The top floor of the men's hut is also occupied by their mummy.
This character, the crouched, smoked, apparently screaming corpse
of a long dead chief is dragged out for tourist photos, on receipt
of a substantial contribution to the current chief's Buy a
Pig Fund'. Pigs, special occasion food only, are either killed slowly
and ceremonially by bow and arrow, or exchanged for a wife. Village
chiefs often have several of each, and treat them with roughly the
same degree of care. Generally there are no grander ambitions than
possessing a pig or a wife , although cigarettes are an all-consuming
short-term interest.
The
staple diet - when pigs are not on the menu - is sweet potatoes
cooked over a friction- started fire, in a smoke-choked communal
kitchen. Pots, pans and other utensils do not exist, so neither
does alcohol, lacking containers for fermentation.
The
most colourful and photogenic part of Indonesia's Baliem experience
is Dani fashion. The well-travelled Dani male, outside the central
town of Wamena, wears feathers in his hair, pig fat mixed with soot
over the upper body, face and hair, and an enormous, inconvenient,
stretch penis gourd. Curly or straight, the koteca is 30 -50 cm
long, light brown, and held erect by one string around the waist
and one around the testicles. Pig tusks through the nose, war paint,
and a bundle of spears are optional extras.
Most
females also go topless; single women in grass skirts,married
ones in woven, coloured string skirts, well below the waistline.
The only reason that gravity does not complete their undress is
that the skirts, given to them by their husbands on their wedding
day, are as tight as a tourniquet, hugging the thighs and lower
buttocks. All is not revealed, however, since the women also wear
a kind of long string bag moored around their scalps, serving both
form and function.
Widows
plaster orange mud over their torsos and faces for several months
after their husbands die. In addition, what at first may seem to
be an epidemic of leprosy, turns out to be the result of removing
one finger joint for every dead relative. The amputations are initially
concentrated on one hand, so eight joints missing on one hand is
commonplace.

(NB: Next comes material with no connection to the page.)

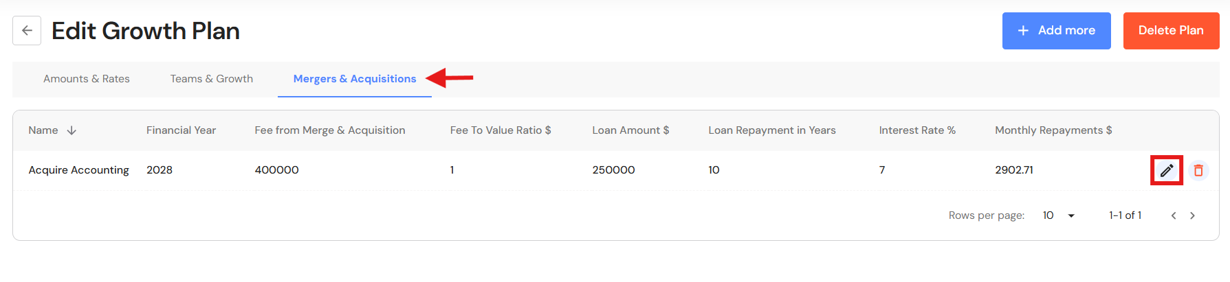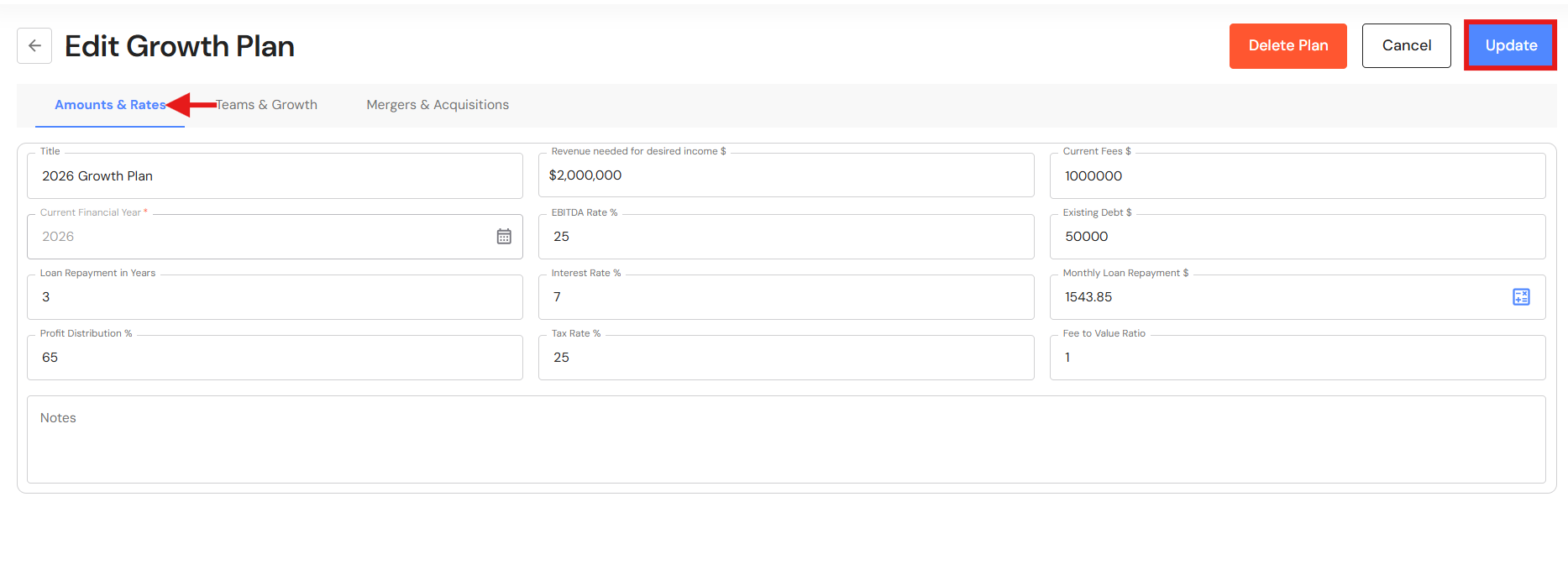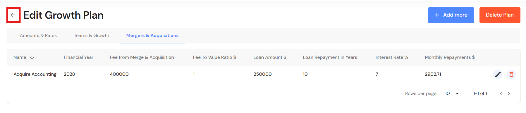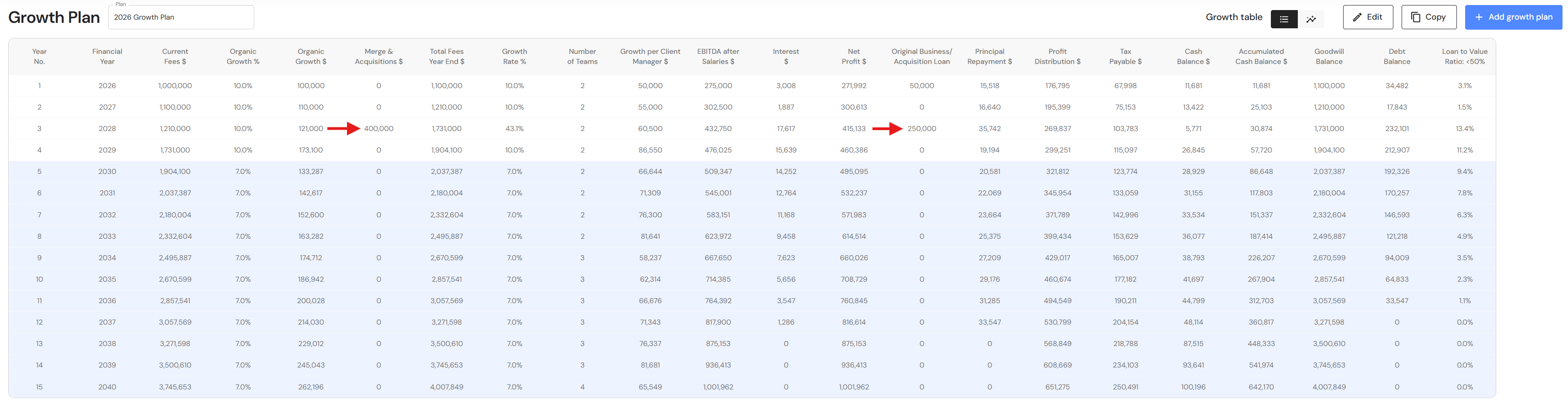 - Your Growth Plan will show the impact of revenue through acquisitions as well as any loans attached to the acquisition. In addition, the year the business reaches your revenue and ideal income goals will be brought forward.

Older women often have all fingers cut down to stumps.
In
spite of this self-mutilation, the Dani women still manage to deal
with most of the daily chores (potato cultivation, wood collection,
cooking) while many men consider themselves overworked if they have
to do more than light a fire.
The
Dani, like most eccentric ethnic groups overexposed to Western
practices, are changing their ways. Out goes the spectacular koteca
, in comes tatty shorts, out goes the bare-chested mama, in comes
the sad, shabby, sack lady.
So,
next time you are in Bali, pondering your life over a Margarita,
consider giving your liver and wrinkles a rest in Dani land, and
take home memories and photos that will be with you long after
your tan, and the Dani, have gone.
How
to do it:
Indonesia's Baliem valley is warm and wet for much of the year.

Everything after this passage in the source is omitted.